A file marker line must begin with two hyphens and a space, as in our example, and end with a space and two hyphens. The part in between these markers specifies the filename, which will be stripped of any surrounding whitespace.

In fact, we can create as many additional files as we want, simply by adding more file entries delimited by marker lines:

exec cat a.txt b.txt c.txt

-- a.txt --
...

-- b.txt --
...

-- c.txt --
...

(Listing hello/1)

Each marker line denotes the beginning of a new file, followed by zero or more lines of content, and ending at the next file marker line, if there is one. All these files will be created in the work directory before the script starts, so we can rely on them being present.

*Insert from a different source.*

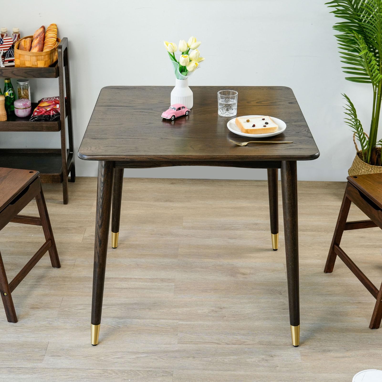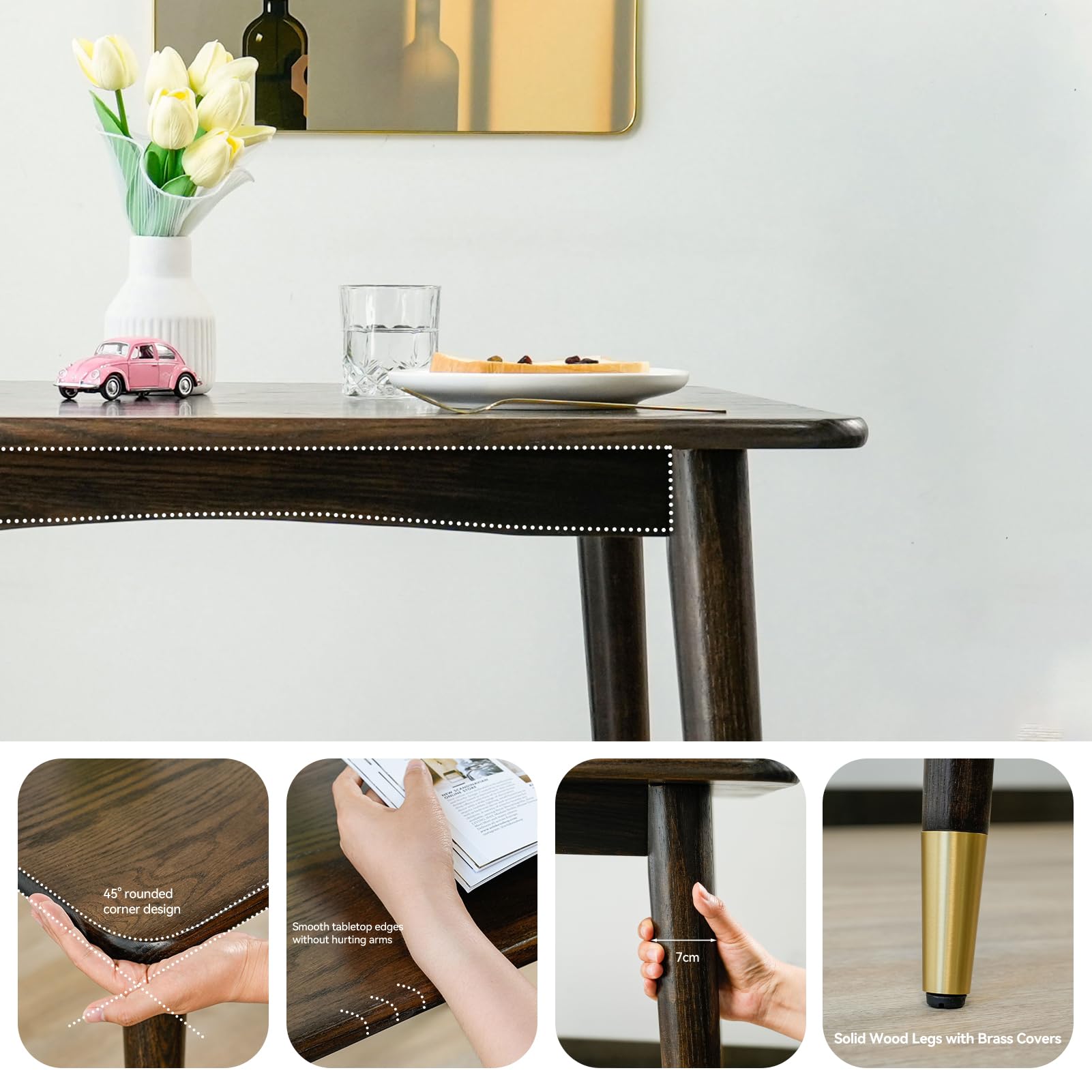 - SMOOTH AND STUDY TABLES: The stylish and modern dining room table has a smooth surface which makes it easy to clean and brings no pinch to your arms. The wood dining table can accommodate 2 - 4 people to eat or work. The table legs are made of high-quality solid wood with a high-quality brass cover, which has good stability and does not shake.

If we need to create folders, or even whole trees of files and folders, we can do that by using slash-separated paths in the file names:

-- misc/a.txt --
...

-- misc/subfolder/b.txt --
...

-- extra/c.txt --
...

(Listing hello/1)

When the script runs, the following tree of files will be created for it to use:

$WORK/
    misc/
        a.txt
        subfolder/
            b.txt
    extra/
        c.txt

This is a very neat way of constructing an arbitrary set of files and folders for the test, rather than having to create them using Go code, or copying them from somewhere in testdata. Instead, we can represent any number of text files as part of a single file, the test script itself.

This representation, by the way, is called txtar format, short for “text archive”, and that’s also the file extension we use for such files.

While this format is very useful in conjunction with testscript, a txtar file doesn’t have to be a test script. It can also be used independently, as a simple way of combining multiple folders and text files into a single file.

To use the txtar format in programs directly, import the txtar package. For example, if you want to write a tool that can read data from such archives, or that allows users to supply input as txtar files, you can do that using the txtar package.

Supplying input to programs using `stdin`

Now that we know how to create arbitrary files in the script’s work directory, we have another fun trick available. We can use one of those files to supply input to a program, as though it were typed by an interactive user, or piped into the program using a shell.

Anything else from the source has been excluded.